(Task to complete)
Under this line are the records; repeat exactly the lines starting at the one containing "Tomma kontorslokaler å" and ending at the one containing "Cet attractant BLACK", omitting pictures.

(Material shown)
^^^^^^^^^^^^^^^^

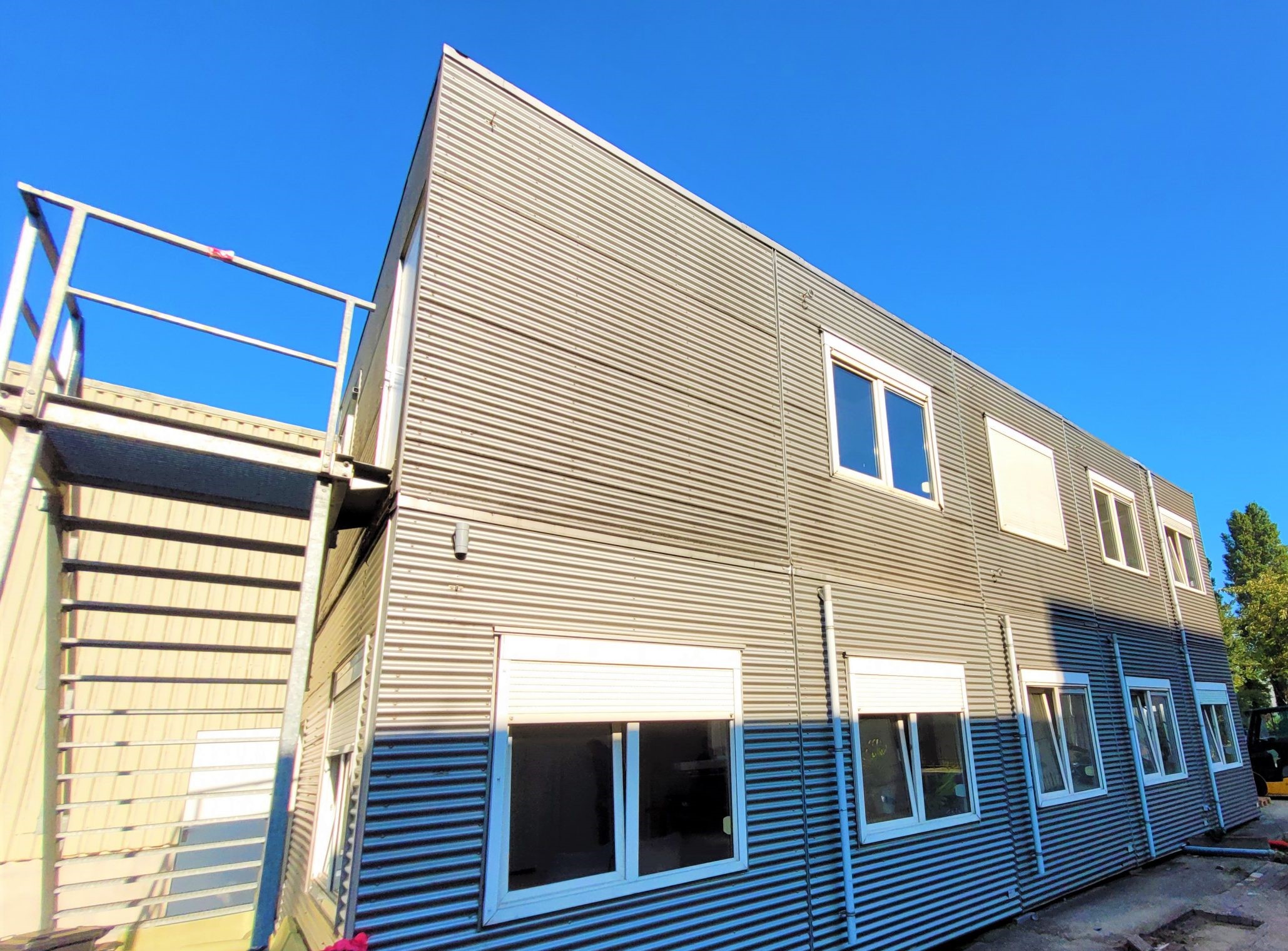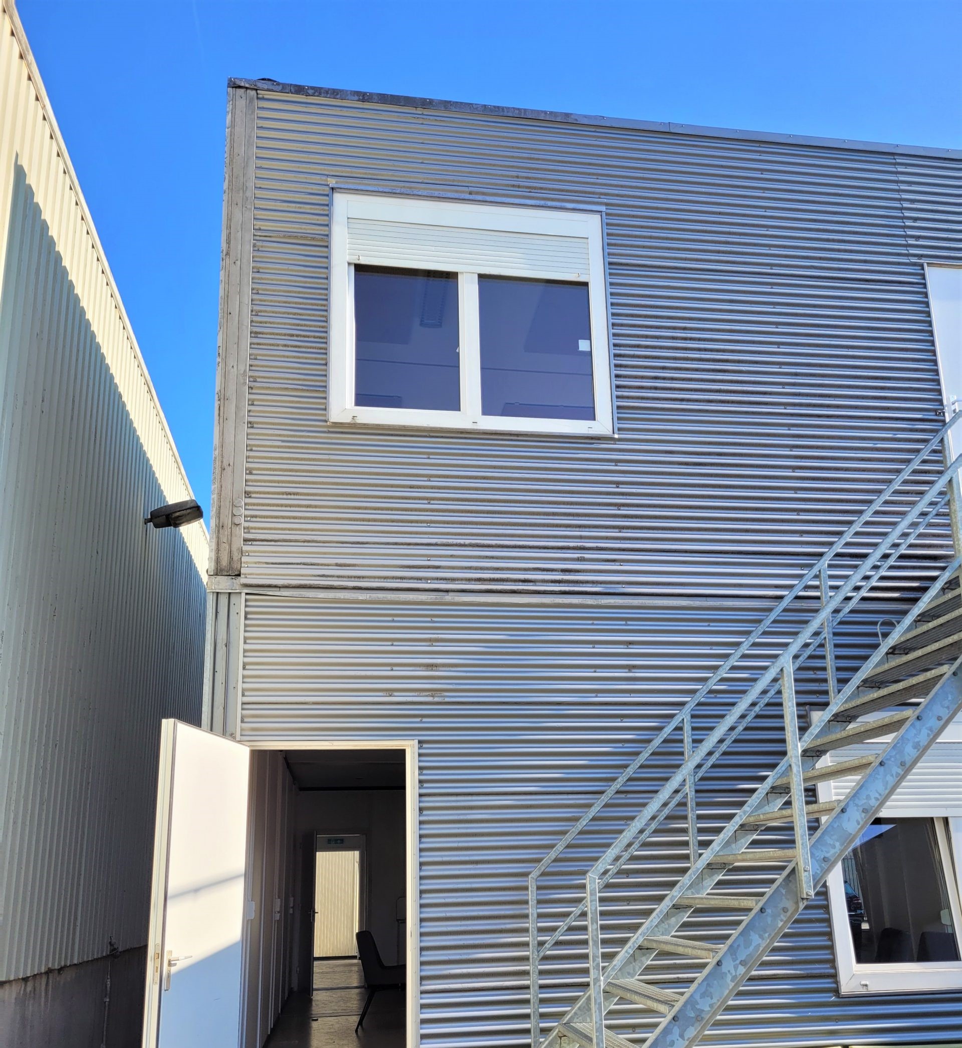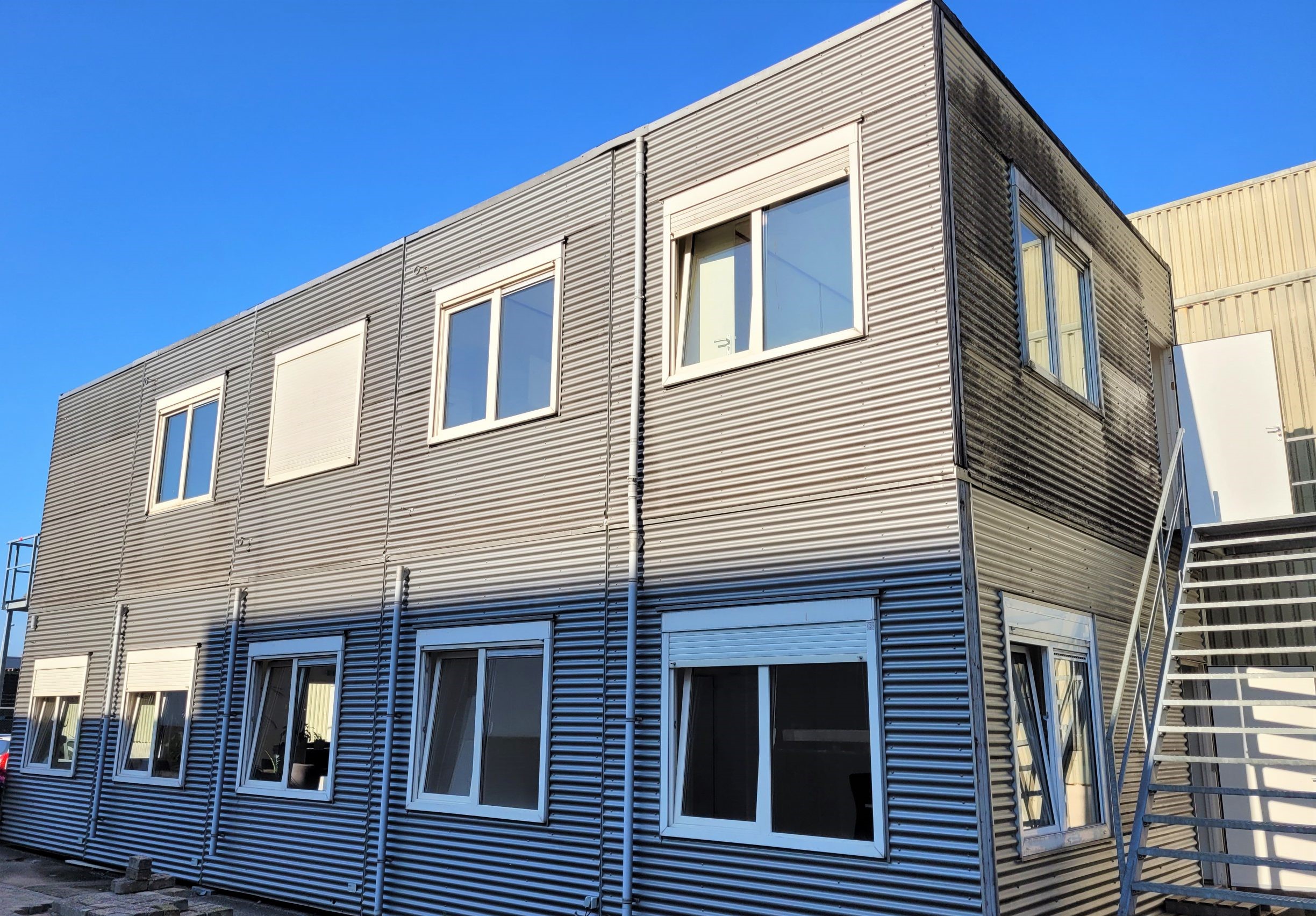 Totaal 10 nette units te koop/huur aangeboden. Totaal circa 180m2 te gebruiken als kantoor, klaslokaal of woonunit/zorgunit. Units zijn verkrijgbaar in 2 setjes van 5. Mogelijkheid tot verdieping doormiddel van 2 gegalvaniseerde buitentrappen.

^^^^^^^^^^^^^^^^

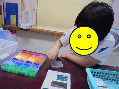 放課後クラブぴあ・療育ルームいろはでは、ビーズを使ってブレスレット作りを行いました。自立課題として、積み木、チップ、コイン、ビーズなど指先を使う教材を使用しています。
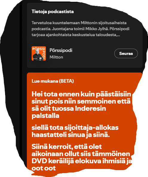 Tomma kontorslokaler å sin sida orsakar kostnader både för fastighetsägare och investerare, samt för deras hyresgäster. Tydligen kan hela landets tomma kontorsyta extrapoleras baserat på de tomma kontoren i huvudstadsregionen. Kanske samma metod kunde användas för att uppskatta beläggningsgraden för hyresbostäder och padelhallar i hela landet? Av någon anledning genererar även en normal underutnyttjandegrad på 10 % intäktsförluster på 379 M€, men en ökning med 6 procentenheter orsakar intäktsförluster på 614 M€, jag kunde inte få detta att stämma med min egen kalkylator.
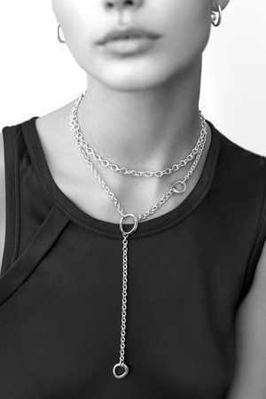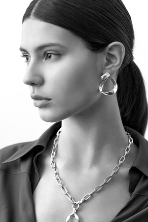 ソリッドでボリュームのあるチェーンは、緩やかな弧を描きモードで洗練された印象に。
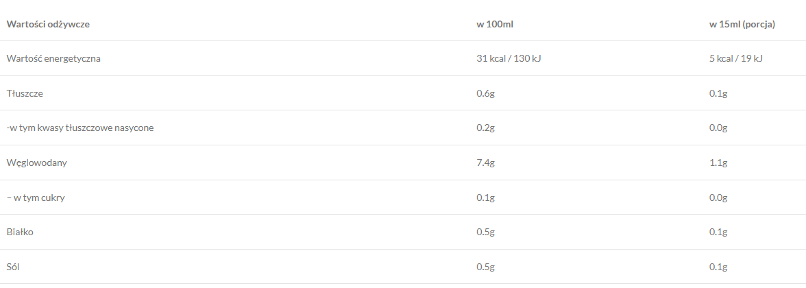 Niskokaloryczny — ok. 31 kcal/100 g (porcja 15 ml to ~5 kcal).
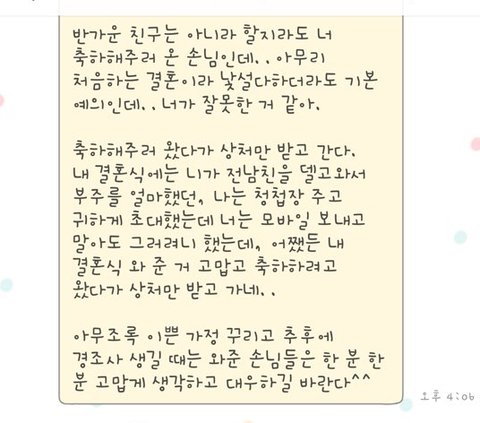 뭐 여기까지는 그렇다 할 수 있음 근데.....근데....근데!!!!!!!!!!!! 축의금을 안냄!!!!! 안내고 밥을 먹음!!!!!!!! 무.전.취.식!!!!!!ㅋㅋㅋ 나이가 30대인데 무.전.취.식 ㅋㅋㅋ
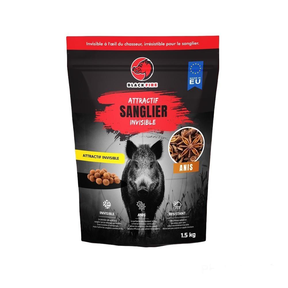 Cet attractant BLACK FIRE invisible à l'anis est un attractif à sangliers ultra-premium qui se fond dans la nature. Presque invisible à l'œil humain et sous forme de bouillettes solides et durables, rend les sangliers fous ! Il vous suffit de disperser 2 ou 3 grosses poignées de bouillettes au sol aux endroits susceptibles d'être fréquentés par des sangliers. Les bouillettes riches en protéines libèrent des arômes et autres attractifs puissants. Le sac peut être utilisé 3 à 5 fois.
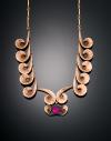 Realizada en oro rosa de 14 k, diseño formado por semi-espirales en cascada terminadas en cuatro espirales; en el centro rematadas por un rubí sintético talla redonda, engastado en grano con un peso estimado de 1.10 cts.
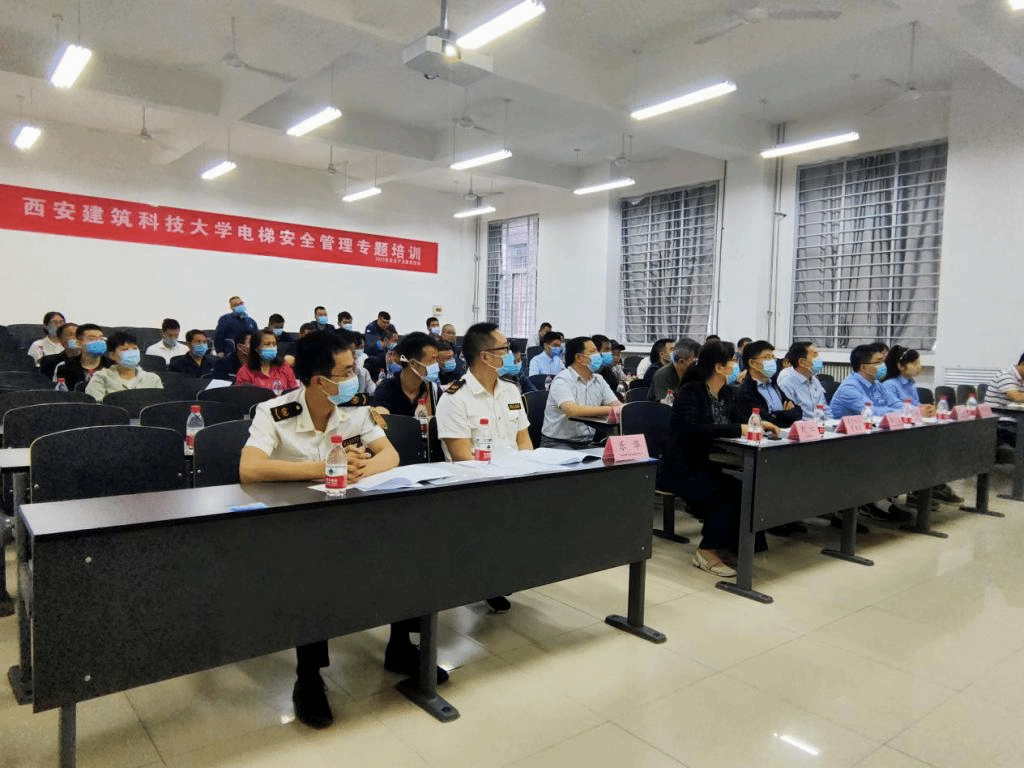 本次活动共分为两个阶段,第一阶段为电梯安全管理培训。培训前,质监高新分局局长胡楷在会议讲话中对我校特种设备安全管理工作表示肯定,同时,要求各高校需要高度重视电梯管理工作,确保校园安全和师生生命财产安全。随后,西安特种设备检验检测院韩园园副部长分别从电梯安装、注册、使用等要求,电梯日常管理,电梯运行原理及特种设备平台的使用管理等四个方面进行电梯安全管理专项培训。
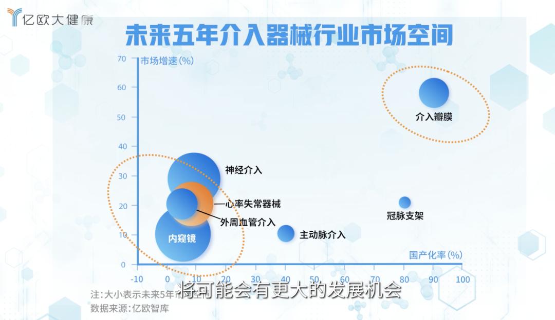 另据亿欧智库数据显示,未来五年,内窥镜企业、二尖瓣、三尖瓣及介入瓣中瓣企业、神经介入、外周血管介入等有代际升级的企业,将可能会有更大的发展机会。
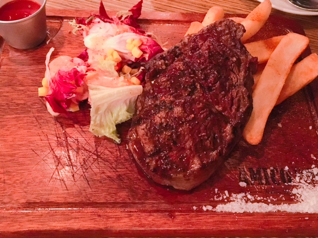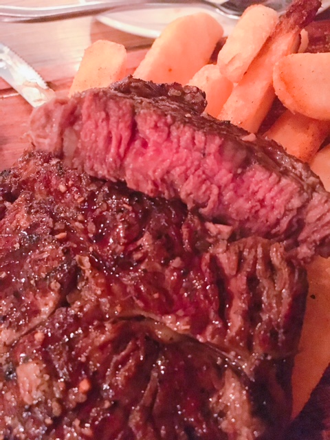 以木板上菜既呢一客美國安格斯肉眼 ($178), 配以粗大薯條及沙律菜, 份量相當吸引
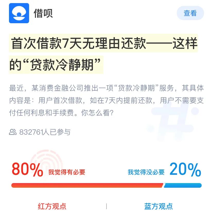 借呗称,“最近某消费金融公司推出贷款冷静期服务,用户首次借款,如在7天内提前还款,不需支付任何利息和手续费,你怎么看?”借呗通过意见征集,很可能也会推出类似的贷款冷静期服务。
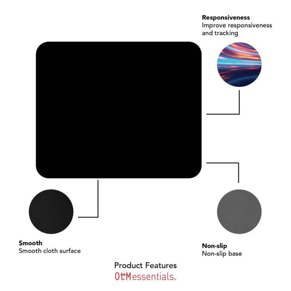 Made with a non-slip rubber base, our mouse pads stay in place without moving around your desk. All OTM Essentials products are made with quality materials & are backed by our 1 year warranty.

^^^^^^^^^^^^^^^^

(Solution for this problem)
 Tomma kontorslokaler å sin sida orsakar kostnader både för fastighetsägare och investerare, samt för deras hyresgäster. Tydligen kan hela landets tomma kontorsyta extrapoleras baserat på de tomma kontoren i huvudstadsregionen. Kanske samma metod kunde användas för att uppskatta beläggningsgraden för hyresbostäder och padelhallar i hela landet? Av någon anledning genererar även en normal underutnyttjandegrad på 10 % intäktsförluster på 379 M€, men en ökning med 6 procentenheter orsakar intäktsförluster på 614 M€, jag kunde inte få detta att stämma med min egen kalkylator.
 ソリッドでボリュームのあるチェーンは、緩やかな弧を描きモードで洗練された印象に。
 Niskokaloryczny — ok. 31 kcal/100 g (porcja 15 ml to ~5 kcal).
 뭐 여기까지는 그렇다 할 수 있음 근데.....근데....근데!!!!!!!!!!!! 축의금을 안냄!!!!! 안내고 밥을 먹음!!!!!!!! 무.전.취.식!!!!!!ㅋㅋㅋ 나이가 30대인데 무.전.취.식 ㅋㅋㅋ
 Cet attractant BLACK FIRE invisible à l'anis est un attractif à sangliers ultra-premium qui se fond dans la nature. Presque invisible à l'œil humain et sous forme de bouillettes solides et durables, rend les sangliers fous ! Il vous suffit de disperser 2 ou 3 grosses poignées de bouillettes au sol aux endroits susceptibles d'être fréquentés par des sangliers. Les bouillettes riches en protéines libèrent des arômes et autres attractifs puissants. Le sac peut être utilisé 3 à 5 fois.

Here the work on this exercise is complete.